- _Your goal_
What you return should be every line below, word for word, and none of the images.

- _Given information_
%%
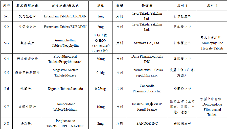 總局關(guān)于發(fā)布仿制藥參比制劑目錄(第五批)的通告
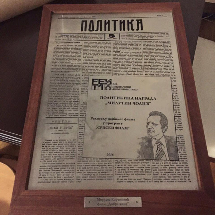 Novouspostavljenu nagradu Politike “Milutin Čolić”, dodeljivali su Dubravka Lakić, Dušan Milić i Miki Manojlović. Oni su takođe nagradili film “Dobra žena” u režiji prof. Mirjane Karanović. „Preuzimanje tuđe krivice na sebe jeste jedna od najvećih tema u stvaralaštvu. U životu taj čin često znači samožrtvovanje i pravi razliku između velikodušnih ljudi i onih drugih, malih, beznačajnih, zagledanih u svoje dvorište i nesposobnih da se suoče sa sopstvenim zlom. Takvom moralnom načelu bi trebalo svi da se povinujemo. Za film sa dušom, emotivno zrelog filmskog jezika i snažnog glumačkog ansambla, zbog hrabrog, dubokog prepoznavanja ljudskih odnosa, isključivosti i slabosti čoveka u nepovoljnim okolnosima što za posledicu ima naizgled miran život čiju višeslojnu stravu žive sve generacije .“
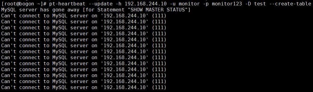 剛才執(zhí)行的pt-heartbeat命令異常退出
%%
- _Solution for this task_
 總局關(guān)于發(fā)布仿制藥參比制劑目錄(第五批)的通告
 Novouspostavljenu nagradu Politike “Milutin Čolić”, dodeljivali su Dubravka Lakić, Dušan Milić i Miki Manojlović. Oni su takođe nagradili film “Dobra žena” u režiji prof. Mirjane Karanović. „Preuzimanje tuđe krivice na sebe jeste jedna od najvećih tema u stvaralaštvu. U životu taj čin često znači samožrtvovanje i pravi razliku između velikodušnih ljudi i onih drugih, malih, beznačajnih, zagledanih u svoje dvorište i nesposobnih da se suoče sa sopstvenim zlom. Takvom moralnom načelu bi trebalo svi da se povinujemo. Za film sa dušom, emotivno zrelog filmskog jezika i snažnog glumačkog ansambla, zbog hrabrog, dubokog prepoznavanja ljudskih odnosa, isključivosti i slabosti čoveka u nepovoljnim okolnosima što za posledicu ima naizgled miran život čiju višeslojnu stravu žive sve generacije .“
 剛才執(zhí)行的pt-heartbeat命令異常退出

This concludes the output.